Тут же тявкнуло еще раз, и новое облачко возникло рядом.

— Обстреливает лес, — сказала Варя. — В лесу наши, вот он и обстреливает.

— Вам тоже достается? — спросил он.

— Иногда, — ответила она рассеянно. — Но не очень. Он все правее бьет, а что там, я не знаю. Туда больше стреляет! — показала Варя рукой и прислушалась. Но выстрелов больше не было.

— Тут у вас война, — сказал он. — А у нас тихо. Ты давно на фронте?

— Нет, всего пять месяцев. А ты?

— Меня еще до войны взяли в армию.

Пинчук объяснил: он окончил школу и в том же году осенью ему исполнилось восемнадцать, его сразу призвали в армию. Он рассказал про историю с шинелью: ему попалась короткая шинель — не доставала даже колен, а ботинки оказались на одну ногу, но зато огромного размера. Ничего себе одежка. Когда он пожаловался, старшина и ухом не повел: «Шагай, шагай. Потом разберемся».

Затем Пинчук начал какой-то длинный рассказ о том, как у него не ладилось с обмотками. «Подъем!» — кричал дневальный, все вскакивали и одевались, а он постоянно запаздывал из-за проклятых обмоток и получал замечания.

— Замечания еще ничего: ну, постоишь перед строем, выслушаешь мораль — и опять в свою шеренгу. Но однажды старшина дал мне наряд вне очереди — это была работенка. Мне снились потом эти обмотки.

Варя взмахивала ресницами, и ее глаза изучающе глядели на Пинчука.

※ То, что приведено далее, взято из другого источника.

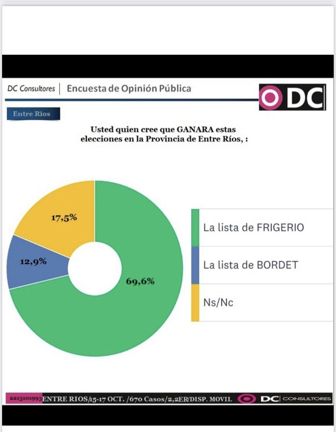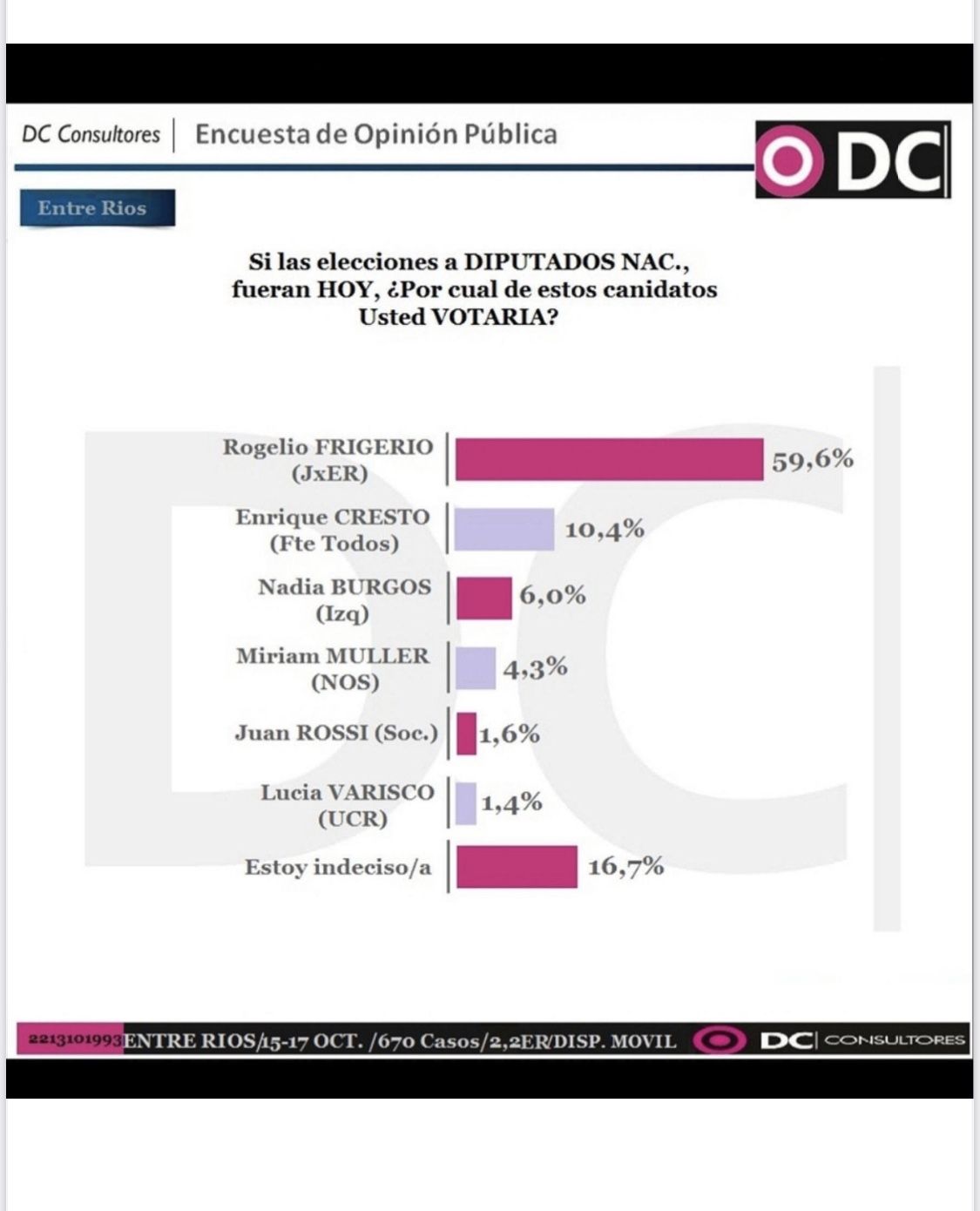 Lo más llamativo del sondeo es que a menos de un mes de las elecciones generales todavía hay un 16,7% de indecisos. Con lo cual Frigerio podría superar el 60% y el intendente de Concordia subir un poco más pero sin chances de hacer una performance electoral decorosa. Hasta ahora el joven dirigente estéril realizando la peor elección del peronismo en la historia de esta provincia.

— А то ребята начинали мудровать. В роте всегда найдется шутник, которого хлебом не корми, а дай сделать что-нибудь почуднее. Возьмут с вечера и намотают обмотки с обратной стороны. Там завязка должна быть в середине клубка, а они сделают наоборот…

Пинчук внезапно умолк. «Какую чушь я несу… Ты еще расскажи, как тебя учили навертывать портянки. Или как натер четыре года назад пятку и хромал целую неделю. Давай уж дуй, раз такое дело, может, получится оригинально. Наверняка об этих штуках никто не откровенничал с девушками. Представляю, что она думает. «Вот, — скажет, — еще один кретин встретился. Ну откуда, — подумает, — их столько на моем пути?»

Несколько минут они шагали молча. Ее молчание окончательно убило Пинчука. «А о чем ей говорить, — размышлял он сам с собой, — если ты завалил ее своими обширными познаниями об обмотках, ботинках, шинелях. Девчата любят веселый разговор, что-нибудь такое…» Пинчук даже посмотрел вокруг, не натолкнет ли его окружающее на какую умную мысль, увидел окоп на берегу и, уцепившись за него, сообщил, что, по всей вероятности, тут стояла сорокапятка. А дальше его опять понесло. Он начал в подробностях объяснять, какой тут выгодный сектор обстрела, какова позиция, — он размахивал руками, чувствуя очень отчетливо, что внутри него какой-то голос изо всех сил кричит, называя его старым школьным прозвищем: «Остановись, Пинча!» Но остановиться он уже не мог, его несло, будто на санях по ледяной горе. После рассказа о боевых свойствах сорокапяток совершенно непостижимая волна занесла его в родной город, он рассказал про реку, которая там текла и течет до сих пор, про липы на берегу, которые, естественно, летом цветут, про мать, которая осталась одна. «Пинча, остановись!» — кричал внутри все тот же голос, а ему было плевать. Он еще никогда так много не говорил, рассказал про меньшого брата, которого взяли в армию, потом по непонятной совершенно логике сообщил про слонов, которых показывали у них в городе, когда сам он еще не был призван в армию. У одного слона веко на глазу не поднималось, он начал было припоминать, какой это был глаз — правый или левый, — вспомнить не смог, сорвал ивовый прут и что было сил хлестнул себя по голенищу — один раз и другой.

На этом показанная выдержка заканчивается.